**Source data:**
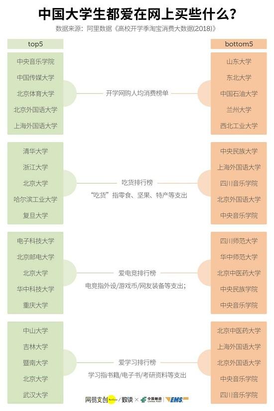 根據(jù)往年的數(shù)據(jù),大學(xué)開學(xué)季,中國高校大學(xué)生網(wǎng)購消費,往往會達到一個小高峰。阿里數(shù)據(jù)則顯示,開學(xué)網(wǎng)購人均消費高校榜單中,中央音樂學(xué)院、中國傳媒大學(xué)、北京體育大學(xué),以最高的人均消費排名前三。
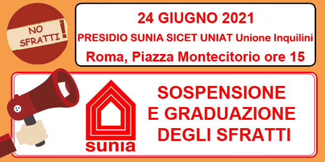 Roma, 25 Giugno 2021 Si è svolto ieri pomeriggio a Piazza Montecitorio un nuovo presidio dei sindacati degli inquilini a sostegno delle oltre 80.000 famiglie sottoposte a sfratto e per le quali non è ormai prevista nessuna forma di proroga dell’esecuzione. Nonostante la gravissima carenza di case popolari ed un mercato dell’affitto privato in cui [...]
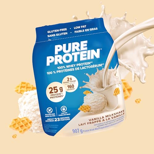 Pure Protein Whey Powder - High Protein (25 g/scoop), Low Sugar (2 g/scoop), Gluten Free - Fast-Acting Formula, Vanilla, 907g
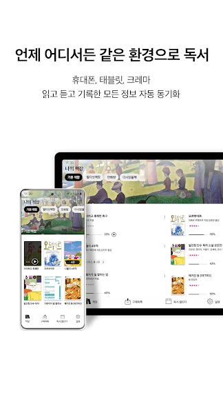 이 전자책 앱 하나로 스마트폰, 패블릿 및 태블릿, e-ink 등 다양한 기기에서 최적화된 뷰어 해상도로 전자책을 읽을 수 있습니다.

**Problem statement:** The answer should consist only of the lines from the line with "Pure Protein Whey" through the last line of the data, repeated exactly; pictures stay out.

**Task result:**
 Pure Protein Whey Powder - High Protein (25 g/scoop), Low Sugar (2 g/scoop), Gluten Free - Fast-Acting Formula, Vanilla, 907g
 이 전자책 앱 하나로 스마트폰, 패블릿 및 태블릿, e-ink 등 다양한 기기에서 최적화된 뷰어 해상도로 전자책을 읽을 수 있습니다.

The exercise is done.